If any of you are coming out for the in port races or the departure for the UK, drop a note here or PM. We'll be working from Wednesday through Sunday next week. We'll look for you out there.

hhttps://photos.app.goo.gl/XgVkFYs4sUko4pDp9


----------



## ThereYouAre (Sep 21, 2016)

I'm thinking of heading up to Newport for the inshore race but I haven't made my mind up yet.

I still haven't finished watching the 5 hour drift into Newport on youtube. After this and the drift into port after the first leg where one boat had to use it's anchor to drag itself across the finish line, I think in the next edition each boat should be equipped with a single sculling oar.

Nice pictures btw.


-Hugh


----------



## CharlzO (Nov 12, 2013)

I'll be coming out for the In-Port race and to enjoy the race village for the day. Came out for the last edition, and can't wait to get back!


----------



## capecodda (Oct 6, 2009)

CharlzO said:


> I'll be coming out for the In-Port race and to enjoy the race village for the day. Came out for the last edition, and can't wait to get back!

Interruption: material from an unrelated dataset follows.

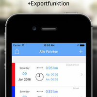 Die simple und klare Übersicht zeigt Ihnen alle Fahrten auf einen Blick nach Datum sortiert und mit Farben indiziert. Durch einen einfachen Tap auf den Export-Button, lassen sich die Fahrten als .csv exportieren und an Ihre e-Mail Adresse senden lassen.

I walked the race village yesterday. It's Disneyland for sailors. Great fun. The finish line is oriented for the in port races to be nice viewing from the village. CG Eagle is available for tours. Heineken, Mt Gay, and wine bars. Food truck. Big screens and separate booths for all the boats. Oh, and if you want a Volvo car or truck, you could look at those too .

Schedule next week.

Wednesday - VOR practice race
Thursday - VOR ProAm race
Friday - M32 ProAm race
Saturday - VOR in port race
Sunday - VOR departs for UK

We'll be worn out by Sunday night, but it will be fun!


----------



## capecodda (Oct 6, 2009)

OK, tomorrow it starts. VOR practice race at 2PM. Light NE winds.


----------



## capecodda (Oct 6, 2009)

Photos from Wednesday's practice race:

https://photos.app.goo.gl/ZmtldZz7YIRczYXq2


----------



## capecodda (Oct 6, 2009)

Today PROAM races at 12:30 and 16:15. Light NW this morning going to SW.


----------